Ainsi, à partir de l’évocation du torrent de son village, ce Corsiglièse, il nous propose une longue nouvelle qui raconte une aventure personnelle dans l’exploration des abords de ce torrent, la découverte d’une ruine d’une maison de pierre dans le maquis, qui le ramène au pays des Papous qu’il a connus plus tard. À ce moment, on passe insensiblement du dictionnaire à l’autobiographie.
Cette technique personnelle se multiplie tout au long de l’ouvrage et fonde sa singularité : ainsi, à propos des vents énigmatiques de Bonifacio, il se réfère au « Chant du loup » avec des expériences similaires vécues dans les vastes forêts au sud de l’Australie.
Au sujet de Gracieuse, une buraliste, à l’entrée de Bastia ; il dit qu’elle tient dans son imaginaire intérieur une grande place et qu’elle lui rappelle une autre patronne de bar en Guyane française, à l’autre bout du monde.
Quand il évoque la charcuterie corse, il pense à la famine qu’il a trouvée dans les marécages du Nord-Congo ou en Afghanistan pendant la guerre.

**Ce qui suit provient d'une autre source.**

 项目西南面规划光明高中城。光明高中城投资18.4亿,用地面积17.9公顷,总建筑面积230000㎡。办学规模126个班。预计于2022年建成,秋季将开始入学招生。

Pour évoquer la chasse, il se souvient d’autres chasses dans les jungles du Congo, chez les Pygmées Babinga.
La diaspora corse
En traitant des golfes corses, Patrice Franceschi revient sur des expériences au Cambodge et évoque la reconstruction de la jonque chinoise La boudeuse et partage le récit de ses aventures avec ce bateau autour du monde. Il cite même la totalité de la chanson populaire qui a donné son nom au bateau avec lequel il fera le tour du monde.
La sensation de clans, très présente en Corse, il la retrouve chez les Indiens d’Amazonie ou les Papous de Nouvelle-Guinée. À partir de la Corse, on fait le tour du monde avec lui !

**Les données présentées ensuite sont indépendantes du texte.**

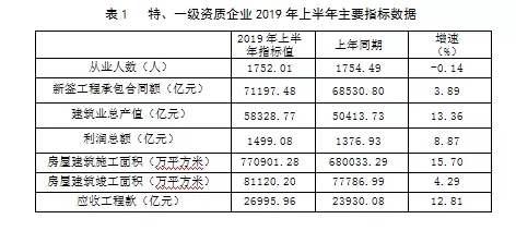 三、2019年上半年建筑業(yè)特、一級資質(zhì)企業(yè)基本情況分析

À lire aussi : Corses de la diaspora , ed.Scudo 2018. Questions à JP Castellani
L’entrée consacrée à la « Diaspora » est, en fait, la reconstitution d’un dialogue sur un cargo avec un responsable de Casino, un corse qui lui raconte une histoire de jeux. Il rapproche cette attitude de ce monde de la diaspora corse de celle des Afghans, des kurdes des arméniens ou des cambodgiens.
L’entrée le tourisme lui permet d’aborder des problèmes plus contemporains, les relations entre le village et la côte, les constructions de l’immobilier sauvage, la loi du littoral, la pression touristico-financière. Et de souligner, une fois encore, la différence existentielle entre voyageurs et touristes.

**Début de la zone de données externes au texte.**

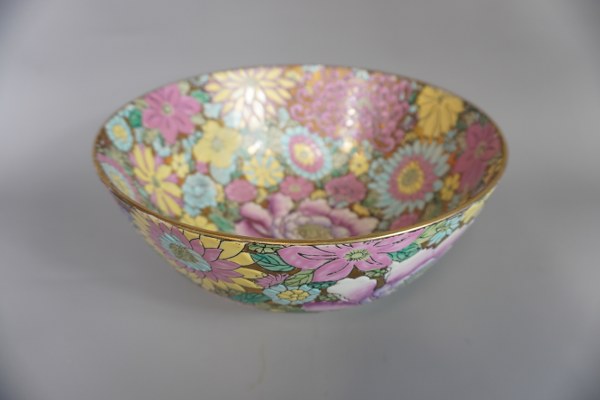 Saladier en porcelaine à décor floral. Hauteur: 14,5cm, diamètre: 31cm.

On pourrait citer aussi d’excellentes entrées sur la langue corse, les grands poètes ou écrivains originaires de l’île, les librairies, les prénoms, les proverbes, la Micheline qui traverse la Corse du Nord au Sud. C’est une idée bienvenue et émouvante de citer la totalité des hommes de son village fauchés par les grandes guerres. À ce sujet, l’article consacré aux 359 villages en Corse, et en particulier le sien, Pancherachia ; auquel il est lié par un attachement viscéral, comme tous les corses avec le leur, donne la clé de la compréhension de ce qu’est la Corse pour un observateur extérieur.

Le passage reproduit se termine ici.